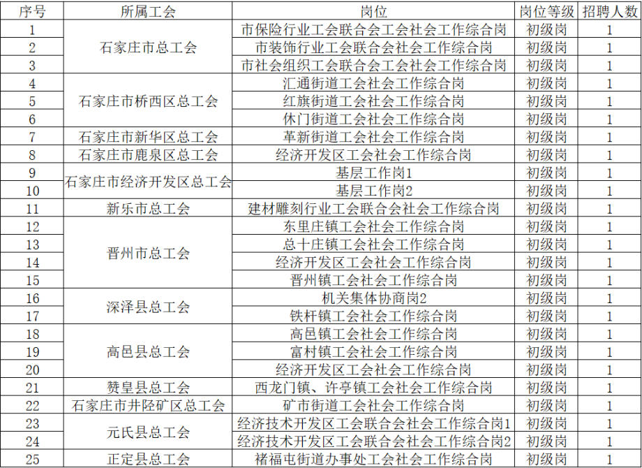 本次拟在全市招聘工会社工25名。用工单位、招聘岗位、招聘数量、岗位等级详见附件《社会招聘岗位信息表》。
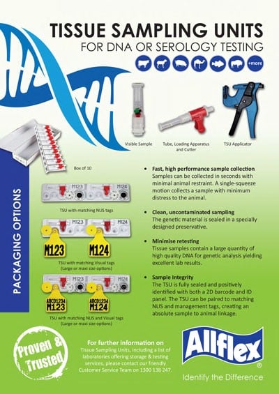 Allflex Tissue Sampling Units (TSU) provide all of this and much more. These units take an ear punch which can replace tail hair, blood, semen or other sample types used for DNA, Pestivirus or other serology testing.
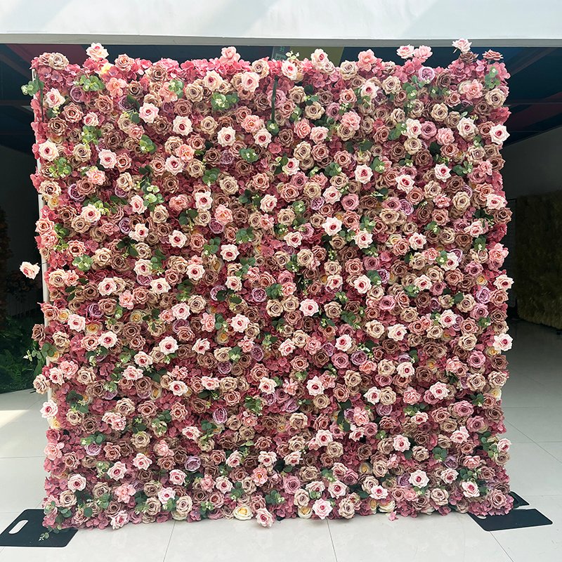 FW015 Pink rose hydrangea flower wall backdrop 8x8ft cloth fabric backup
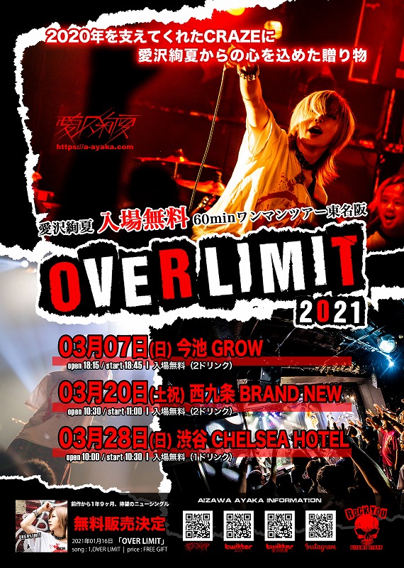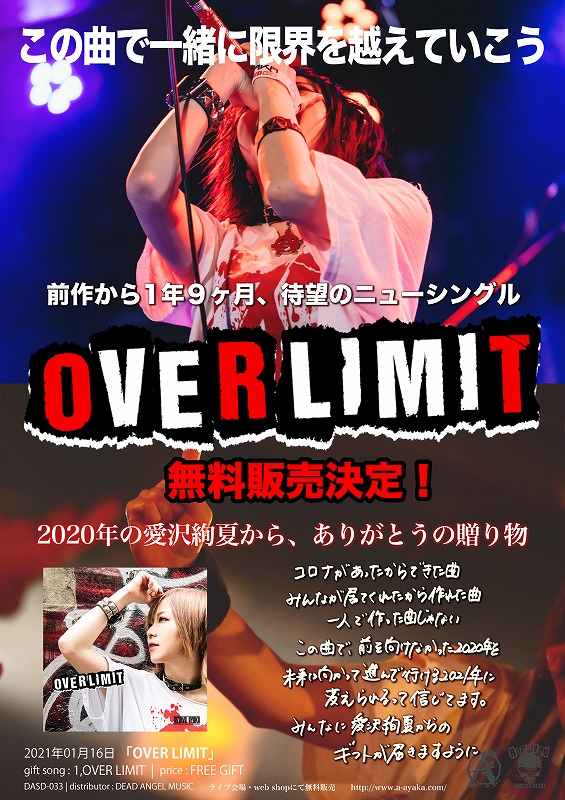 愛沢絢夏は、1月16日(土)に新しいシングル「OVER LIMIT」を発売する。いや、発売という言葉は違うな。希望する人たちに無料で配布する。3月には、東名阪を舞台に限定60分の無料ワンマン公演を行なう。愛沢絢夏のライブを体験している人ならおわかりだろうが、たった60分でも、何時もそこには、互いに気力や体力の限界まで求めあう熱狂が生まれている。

━━━━━━━━━━

Exercise directions
Return exactly the lines that appear in the data above between the line containing "Allflex Tissue Sampling" and the line containing "FW015 Pink rose", both of which are included, and leave the pictures out.

Answer to the problem
 Allflex Tissue Sampling Units (TSU) provide all of this and much more. These units take an ear punch which can replace tail hair, blood, semen or other sample types used for DNA, Pestivirus or other serology testing.
 FW015 Pink rose hydrangea flower wall backdrop 8x8ft cloth fabric backup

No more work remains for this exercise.